What is required: Leaving the images behind, copy every line of the records exactly.

——

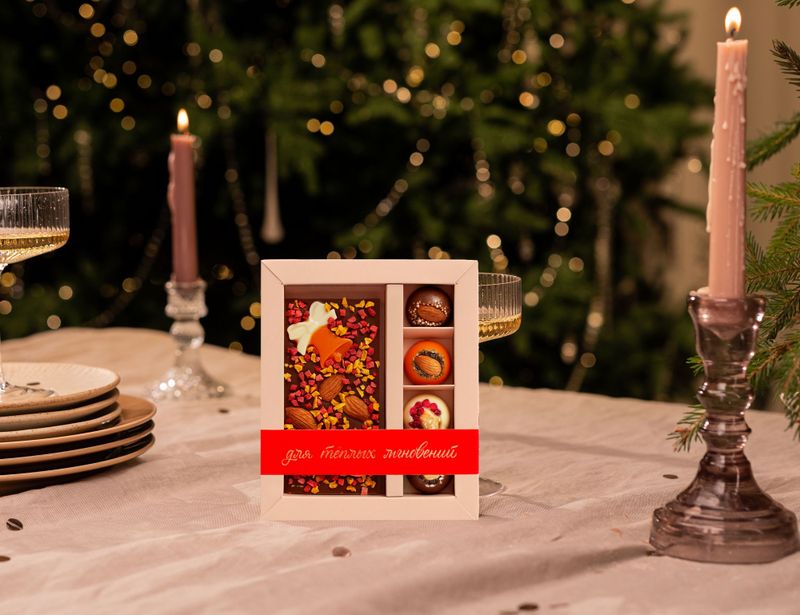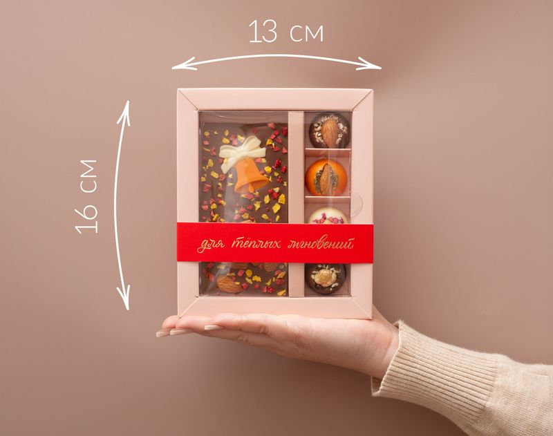 Вкусный подарок с символом новогоднего волшебства. Набор из четырех аппетитных полусфер и плитки молочного шоколада, украшенной праздничным колокольчиком и яркой посыпкой.
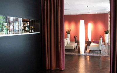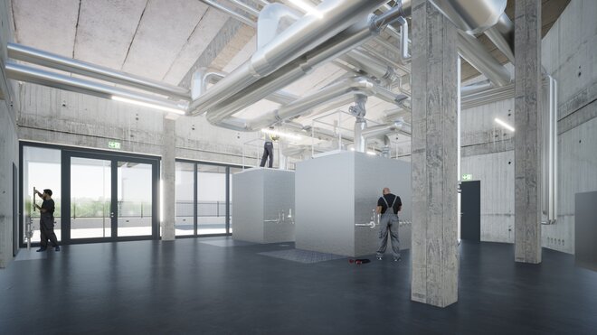 Der Eingangsbereich liegt abgeschirmt auf der von der Straße abgewandten Seite und wird bestimmt durch einen Einschnitt in das Gebäudevolumen und eine große Glasfassade, die zum Zweck des Anlagentauschs revisionierbar ist. Sie dient der natürlichen Belichtung des Gebäudes und erlaubt einen Blick auf die Anlagentechnik, um die Funktion des Gebäudes sichtbar zu machen.
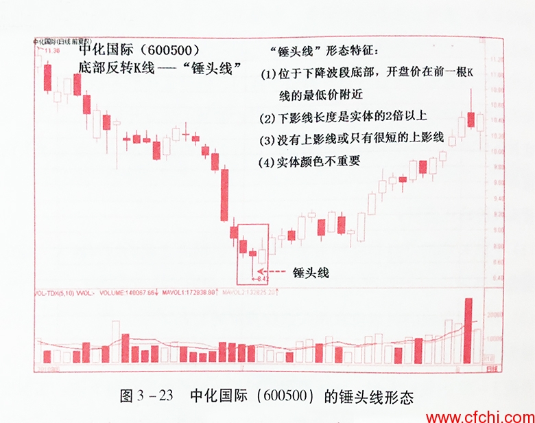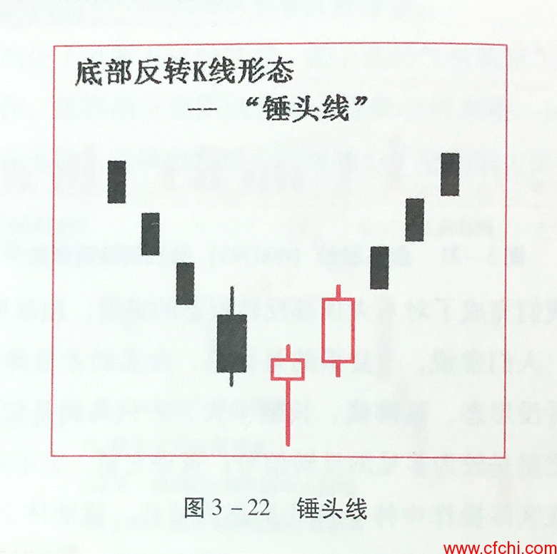 “锤头线”是发生在波段底部,单根K线显示可能反转的K线形态,其形如锤头朝上的锤子一样。如图3-22所示。
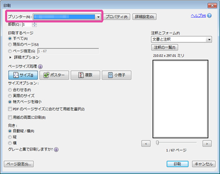 [プリンター]プルダウンメニューから本機を選びます(画像はAdobe Reader® X)。
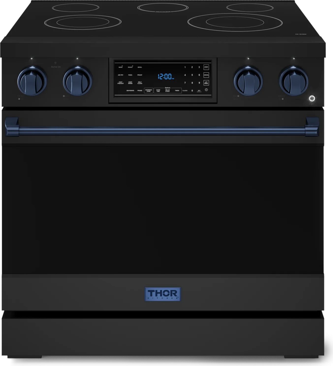 Designed for chefs who demand precision and power. With high-output burners, even heat distribution, and intuitive controls, this 36 Inch Professional Electric Range in Black/Navy Blue elevates your cooking experience. Built for durability and performance, it brings restaurant-grade quality to your home kitchen, making every meal exceptional.
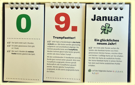 Werfen wir zuerst kurz einen Blick auf das Material. Zusätzlich zu den Grund- und diversen Extrakarten liegt dem Spiel ein Aufstellkalender bei. Über 3 Bereiche lassen sich die Einer- und Zehnerstelle sowie der Monat einstellen. Jedes dieser Blätter definiert entsprechend die Regeln. Es gibt somit Regelteile, die sich täglich ändern oder aber monatlich. Aber genau bekommt man in Summe 365 verschiedene Regelkombinationen zusammen. Der Kalender ist ein tolles Gimmik, lediglich der Unterbau, auf den der Kalender gestellt wird, zeigte zumindest bei unserem Exemplar eine Schwachstelle und musste nachgelegt werden.

——

Worked solution:
 Вкусный подарок с символом новогоднего волшебства. Набор из четырех аппетитных полусфер и плитки молочного шоколада, украшенной праздничным колокольчиком и яркой посыпкой.
 Der Eingangsbereich liegt abgeschirmt auf der von der Straße abgewandten Seite und wird bestimmt durch einen Einschnitt in das Gebäudevolumen und eine große Glasfassade, die zum Zweck des Anlagentauschs revisionierbar ist. Sie dient der natürlichen Belichtung des Gebäudes und erlaubt einen Blick auf die Anlagentechnik, um die Funktion des Gebäudes sichtbar zu machen.
 “锤头线”是发生在波段底部,单根K线显示可能反转的K线形态,其形如锤头朝上的锤子一样。如图3-22所示。
 [プリンター]プルダウンメニューから本機を選びます(画像はAdobe Reader® X)。
 Designed for chefs who demand precision and power. With high-output burners, even heat distribution, and intuitive controls, this 36 Inch Professional Electric Range in Black/Navy Blue elevates your cooking experience. Built for durability and performance, it brings restaurant-grade quality to your home kitchen, making every meal exceptional.
 Werfen wir zuerst kurz einen Blick auf das Material. Zusätzlich zu den Grund- und diversen Extrakarten liegt dem Spiel ein Aufstellkalender bei. Über 3 Bereiche lassen sich die Einer- und Zehnerstelle sowie der Monat einstellen. Jedes dieser Blätter definiert entsprechend die Regeln. Es gibt somit Regelteile, die sich täglich ändern oder aber monatlich. Aber genau bekommt man in Summe 365 verschiedene Regelkombinationen zusammen. Der Kalender ist ein tolles Gimmik, lediglich der Unterbau, auf den der Kalender gestellt wird, zeigte zumindest bei unserem Exemplar eine Schwachstelle und musste nachgelegt werden.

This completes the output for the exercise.